» **Goal of the exercise**
Retype only the lines below from the one with "Uberhaus 87795008 - AIR" to the one with "Main balloon inflation", inclusive, skipping every image.

» **Raw data**
*-*-*

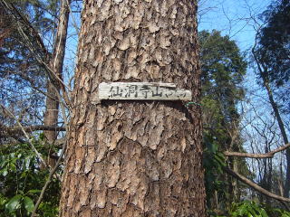 | 仙洞寺山。緑のテープで強調した山名表示とちょっと古い板の表示がありました。周りは樹木に覆われ展望はありません。まだヒルは大丈夫だと思い、この倒れた丸太に座って昼食をとりました。 |
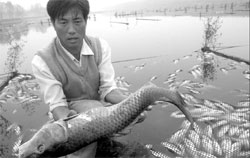 dead fish, poisoned by pollution. At least 100,000 fish died as a result
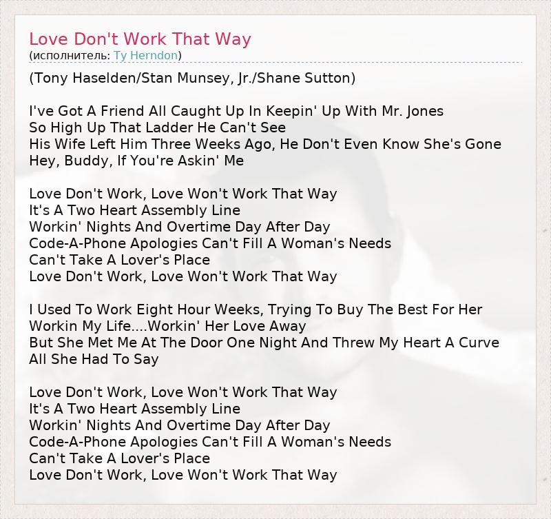 ГлавнаяИсполнителиTy HerndonLove Don't Work That Way
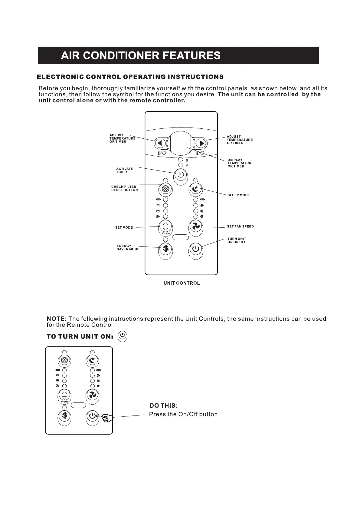 Uberhaus 87795008 - AIR CONDITIONER FEATURES; Unit Control Panel Overview
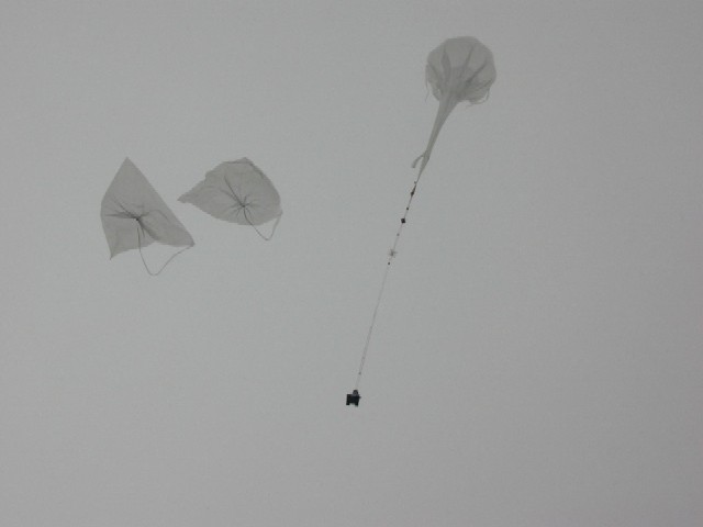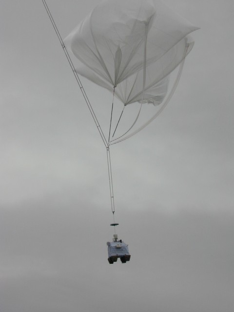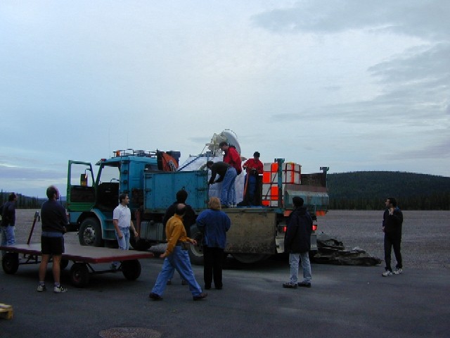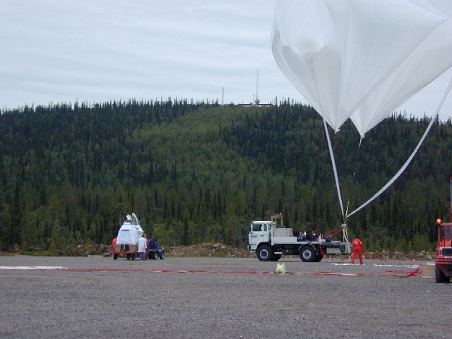 Main balloon inflation The gondola being attached to the auxiliary balloons wich will hold the payload in the launch Once released the main balloon is climbing up. The auxiliary balloons are released too and lift up the gondola seconds before the main balloon get it The main balloon hold the payload while the auxiliary balloons are detached from the gondola and fall in the launch pad The payload back in Esrange after the recovery
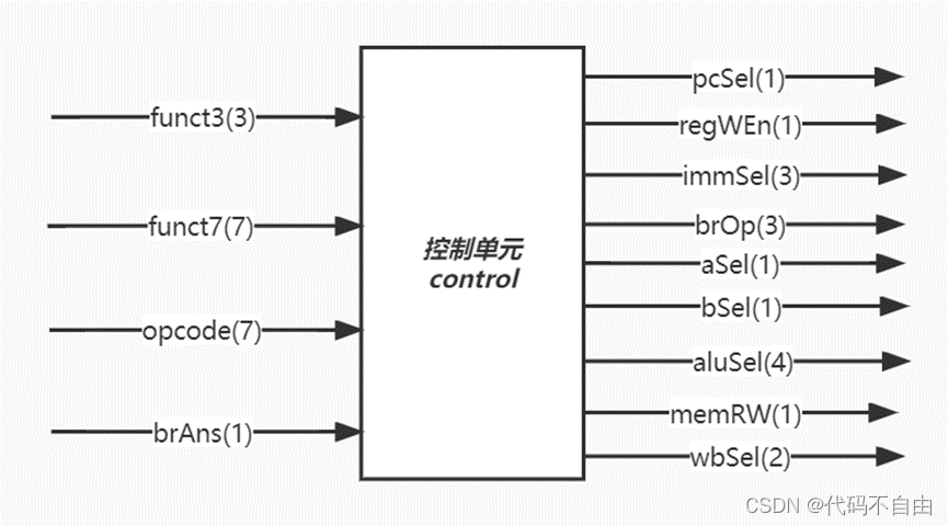 控制信号的赋值均采用组合逻辑。 》regWEn:当指令为S型指令或B型指令时,不写寄存器,regWEn设为0,否则设为1。 》immSel:根据opcode判断指令类型选择如何对立即数进行扩展。当指令为I型指令、LW指令、jalr指令时,immSel设为`I_SEXT;当指令为S型指令时,immSel设为`S_SEXT ;当指令为B型指令时,immSel设为`B_SEXT;当指令为U型指令时,immSel设为`U_SEXT;当指令为J型指令时,immSel设为`J_SEXT;其余情况默认immSel设为3’b111。 》brOp:当指令类型为B型指令时,比较器做何比较由funct3决定,直接将brOp设为funct3;其余情况默认brOp设为3’b111。 》aSel:根据指令类型判断ALU第一个操作数。当指令类型为B型指令或J型指令时, aSel设为0;否则aSel设为1。 》bSel:根据指令类型判断ALU第二个操作数。当指令类型为R型指令时, bSel设为0;否则bSel设为1。 》aluSel:当指令类型为R型指令时,根据funct3和funct7判断计算器进行的操作类型,分别将aluSel设为`SUB、`ADD、`AND、`OR、`XOR、`SLL、`SRL、`SRA,其它情况默认为`NOOP;当指令类型为I型指令时,根据funct3和funct7判断计算器进行的操作类型,分别将aluSel设为`ADD、`AND、`OR、`XOR、`SLL、`SRL、`SRA,其它情况默认为`NOOP;当指令为LW指令、jalr指令、S型指令、B型指令、J型指令时,aluSel设为`ADD;当指令为U型指令时,aluSel设为`LUI;其余情况默认aluSel设为`NOOP。 》memRW:根据指令类型判断读写内存。当指令类型为S型指令时需要写内存,memRW设为1;其余情况默认不写内存,设为0。 》wbSel:根据指令类型选择写回寄存器的内容。当指令类型为J型指令、jalr指令时, wbSel设为`PC4;当指令为LW指令时, wbSel设为`FROM_DM;其余情况默认wbSel设为`FROM_ALU。 》rr1:根据指令类型判断是否需要读取寄存器reg1中的内容。当指令为R型指令、I型指令、LW型指令、jalr指令、S型指令、B型指令时,rr1设为1;当指令为U型指令、J型指令时,rr1设为0;其他情况默认设为0。 》rr2:根据指令类型判断是否需要读取寄存器reg2中的内容。当指令为R型指令、S型指令、B型指令时,rr2设为1;当指令为I型指令、LW型指令、jalr指令、U型指令、J型指令时,rr2设为0;其他情况默认设为0。
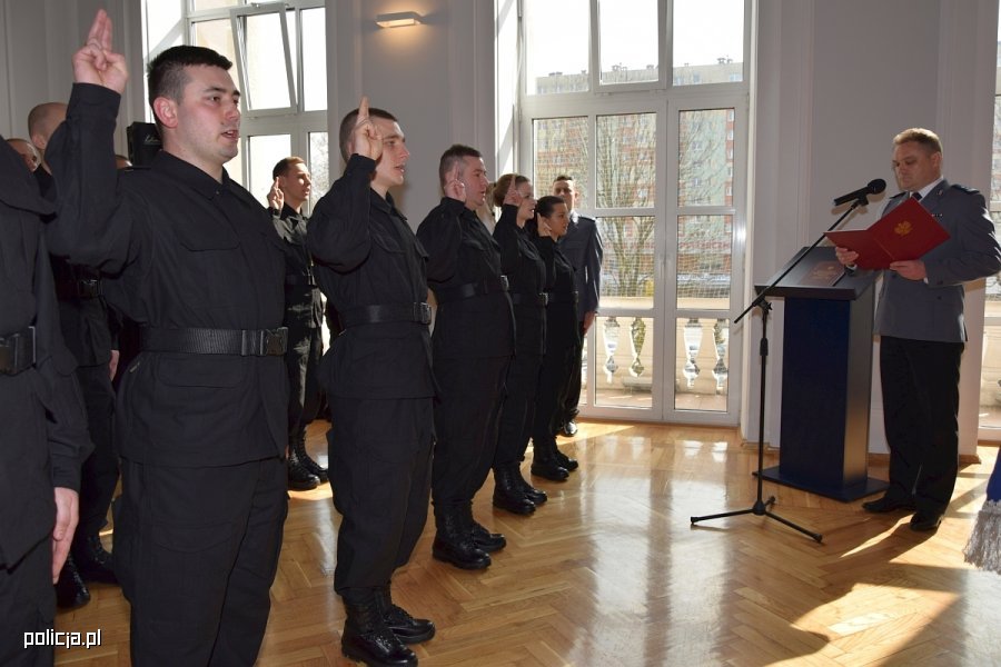 24 nowych policjantów w tym 4 kobiety i 20 mężczyzn, rozpoczęło służbę w marcu 2018 roku. Dzisiaj, 28.03.2018r., funkcjonariusze wypowiedzieli słowa roty, które odebrał I Zastępca Komendanta Wojewódzkiego Policji w Łodzi mł. insp.Tomasz Olczyk.
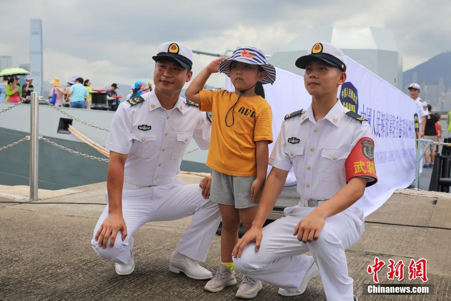 6月30日,解放军驻港部队昂船洲军营举行开放日活动,活动持续2天,共吸引约3万名市民和青年学生入营参观,近距离感受军队、军营和军人所独有的文化和魅力。图为香港小朋友与驻港部队官兵拍照合影。 中新社记者 谢光磊 摄
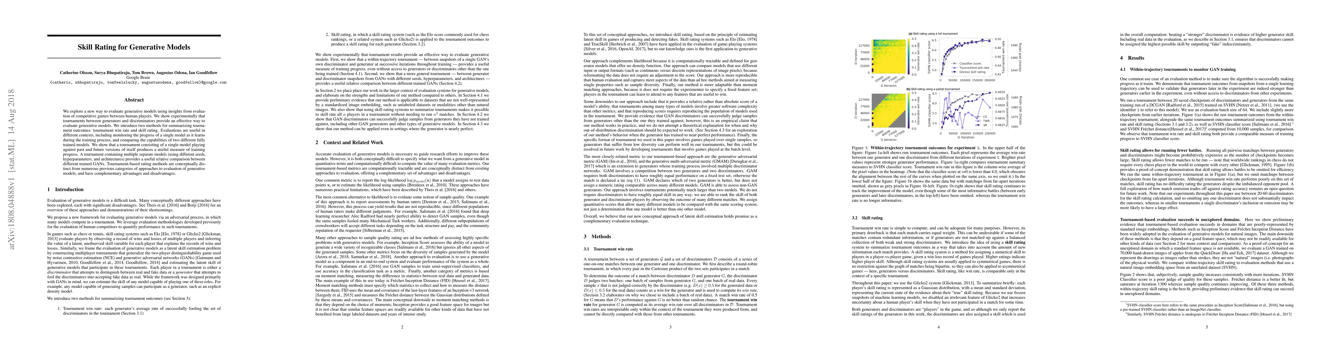 Researchers evaluate generative models using tournaments between generators and discriminators to determine skill ratings, offering a novel approach to model comparison and training progress monitoring.
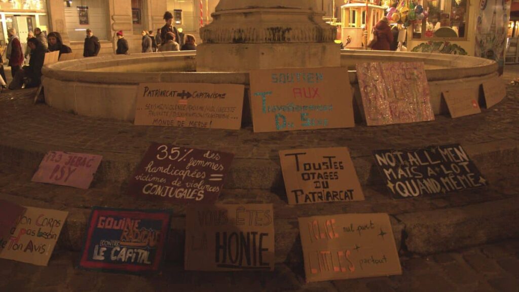 Des revendications que Michelle, 24 ans et militante, partage avec ses camarades : « Je suis là pour soutenir toutes les personnes qui souffrent du système patriarcal. En tant que femme, je le suis, mais je suis pas à la seule. C’est pour ça que je manifeste. Je pense que c’est quand même un sujet qui est connu de tout le monde aujourd’hui, mais qui pour autant n’est pas suffisamment saisi ou en tout cas pas politiquement. Les choses bougent trop lentement donc c’est une manière de résister, de protester et de dire qu’on est là ».
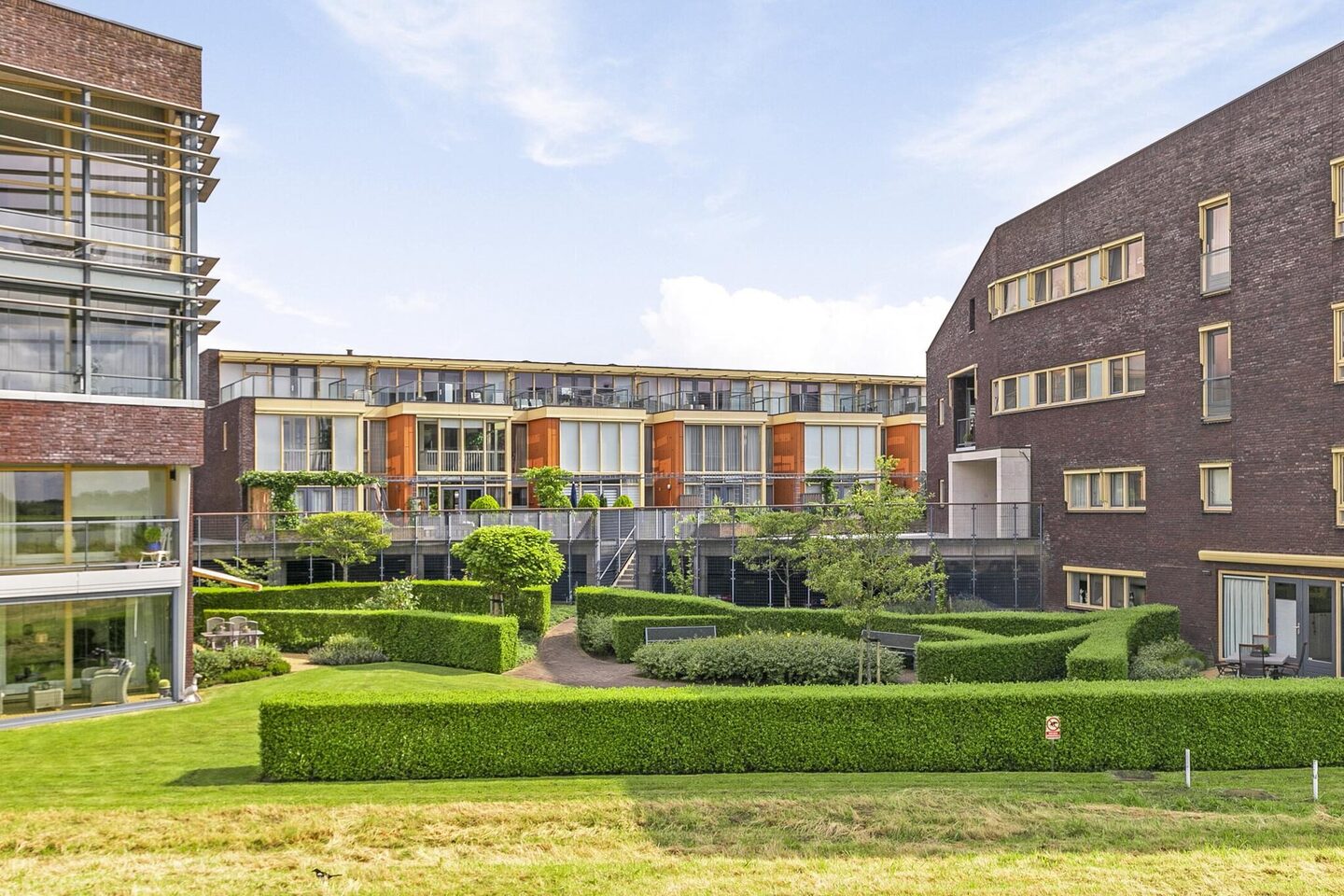 De onderhoudsvriendelijke tuin biedt een heerlijke open ruimte gelegen aan een pad waar via een trap toegang is tot de lager gelegen groen en pad langs rivier de Noord. De tuin wordt gescheiden van dit pad middels een border vol groen. De tuin wordt omringd door een ijzeren pergola waar een klimplant haar weg omheen vindt

*-*-*

» **Solved exercise**
 Uberhaus 87795008 - AIR CONDITIONER FEATURES; Unit Control Panel Overview
 Main balloon inflation The gondola being attached to the auxiliary balloons wich will hold the payload in the launch Once released the main balloon is climbing up. The auxiliary balloons are released too and lift up the gondola seconds before the main balloon get it The main balloon hold the payload while the auxiliary balloons are detached from the gondola and fall in the launch pad The payload back in Esrange after the recovery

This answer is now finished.